Business as usual. These metrics closely correlate with a company’s bottom line. So closely that including them as ESG metrics runs the risk of executives double-dipping. “Because they’re all important, they’re already included in the financial KPIs,” Kumar said. That doesn’t mean they shouldn’t be used, however. An emissions reduction target for a transportation company’s executives, for example, can have a powerful signaling effect for employees, customers, and regulators.
Strategic objectives. The third category comprises metrics tied to strategic goals. These tend to be very objective metrics, like a Net Promoter Score (verified by third parties). “These metrics have the most impact when there’s a clear strategic priority to improve an ESG dimension,” Kumar said.
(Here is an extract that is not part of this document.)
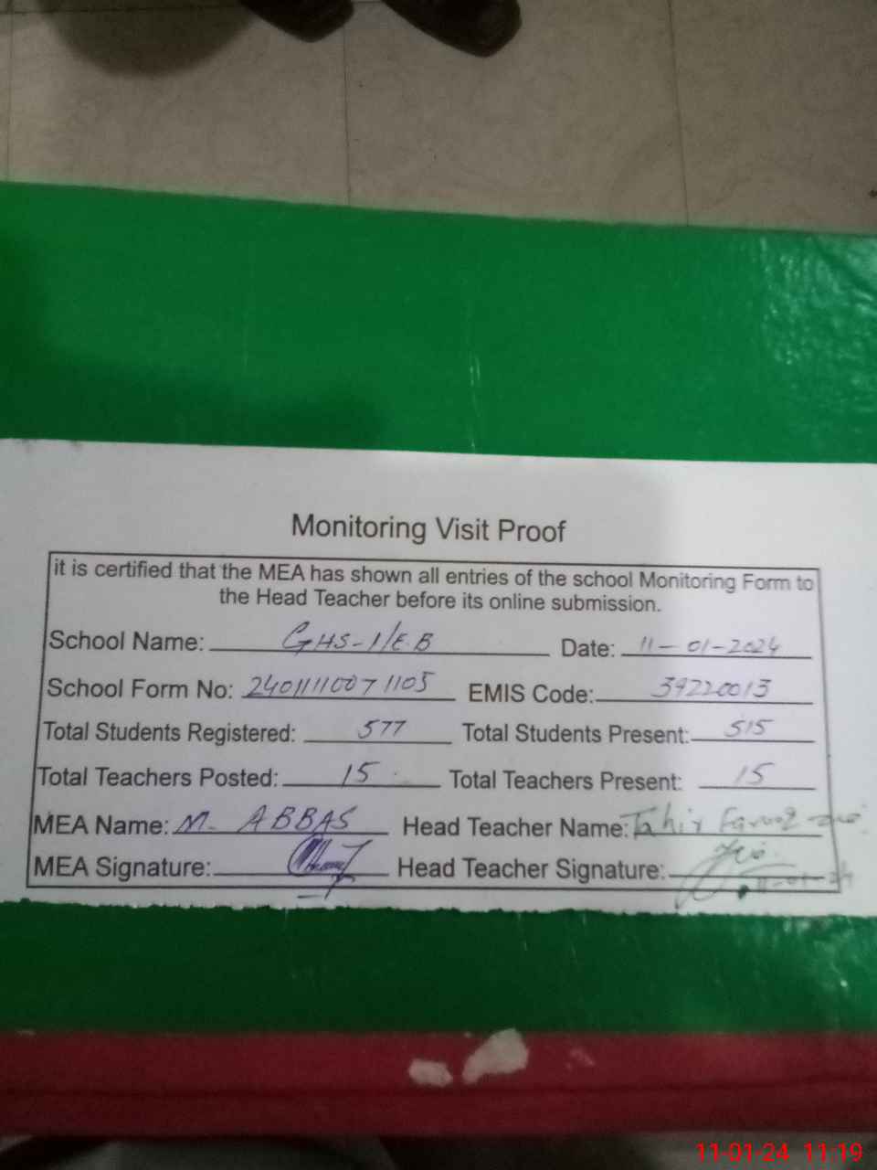| Attendance Register | Head Teacher | MEA with School | Visit Proof |

Investors won’t give boards an infinite amount of time to determine which ESG goals merit incentive pay or bonuses. Some institutional investors have taken a very aggressive approach to move things along. One U.K.-based activist investor wrote to all of its portfolio companies demanding they have ESG targets in executive pay by 2022 or it would vote against their exec comp plans.
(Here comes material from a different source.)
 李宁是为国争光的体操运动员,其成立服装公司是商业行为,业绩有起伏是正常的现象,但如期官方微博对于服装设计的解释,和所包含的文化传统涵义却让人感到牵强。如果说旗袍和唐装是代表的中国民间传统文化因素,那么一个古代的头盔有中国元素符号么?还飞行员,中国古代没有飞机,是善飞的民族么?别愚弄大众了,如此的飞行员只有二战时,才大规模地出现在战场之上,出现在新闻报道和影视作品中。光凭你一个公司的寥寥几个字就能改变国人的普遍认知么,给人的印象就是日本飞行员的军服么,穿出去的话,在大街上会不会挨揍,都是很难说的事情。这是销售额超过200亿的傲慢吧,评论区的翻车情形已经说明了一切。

AllianceBernstein, however, takes a more measured approach, said CII panelist Diana Lee, the asset manager’s director of corporate governance & engagement.
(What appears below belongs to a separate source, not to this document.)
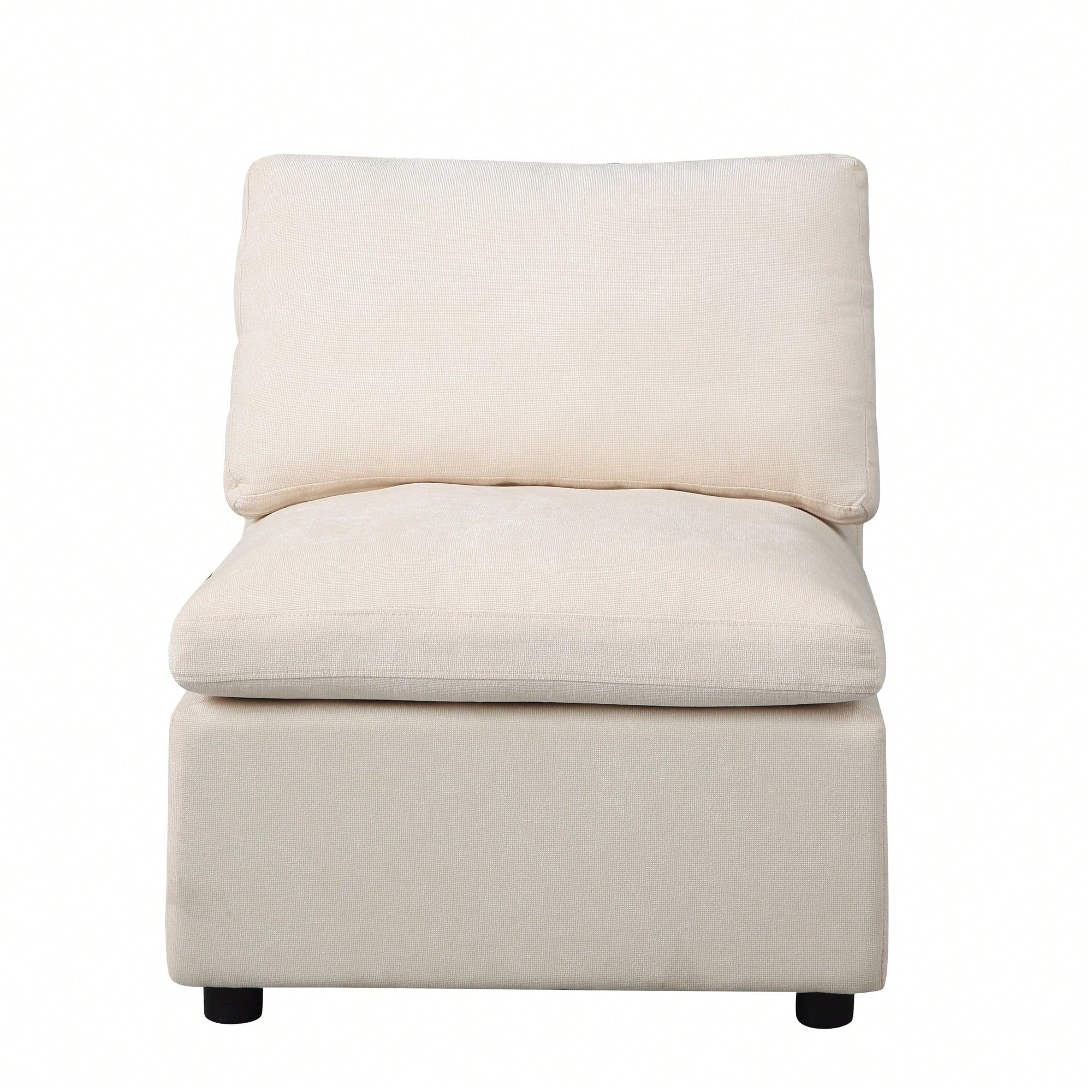 Contemporary Chenille Beige Modular Armless Accent Chair For Sectional Sofa

“We’re not requiring companies to incorporate ESG metrics at this time, but we have been encouraging them to be more transparent about how they are integrating ESG as part of their strategy and how they are incentivizing executives to do so,” she said.
What does AllianceBernstein want? Substantive and meaningful metrics reflecting the company’s strategic direction. Boards need to explain how new pay structures fit with the business’s goals, she said.
While many companies are trying to include plain-vanilla diversity and inclusion and emission reduction targets in compensation metrics, the more advanced ones are introducing “solution-based, action-oriented KPIs,” Lee said. For example, she pointed to a utility company that set a goal of increasing its non-greenhouse-gas emitting capacity to a certain percentage of total generating capacity in a set length of time.
The fear investors and other stakeholders (and probably boards themselves) have is that, in scrambling to introduce ESG targets into compensation plans, companies will adopt “not terribly well-constructed targets that investors won’t have the time to analyze,” Gosling said. If that happens, he said, investors will probably end up “tolerating a certain amount of softness” — metrics that merely pad executives’ total compensation.
“There’s a real risk that more ESG just means more pay,” Gosling said.
Tied into that is the question of materiality. Under the Sustainability Accounting Standard Board’s framework, Gosling said, a real “bone of contention” is whether ESG metrics support long-term shareholder value. “How much are [the metrics] about responding to societal concerns, which actually may not have so much to do with shareholder value?” he asked.
Indeed, adding ESG targets to every executive team’s compensation plan may not make sense. “Demanding inclusion of ESG metrics [at all companies] just sends the wrong message,” Lee said. “It’s not like we demand inclusion of profit growth to [all-stage] companies across all sectors.”
Where will ESG metrics work best in comp plans, at least initially? In the small number of industries where ESG issues are most material, where there is a degree of consensus around the metrics, and “where investors have the time to apply a little bit more scrutiny to what the targets are so that compensation committees know they’re under that scrutiny,” Gosling said.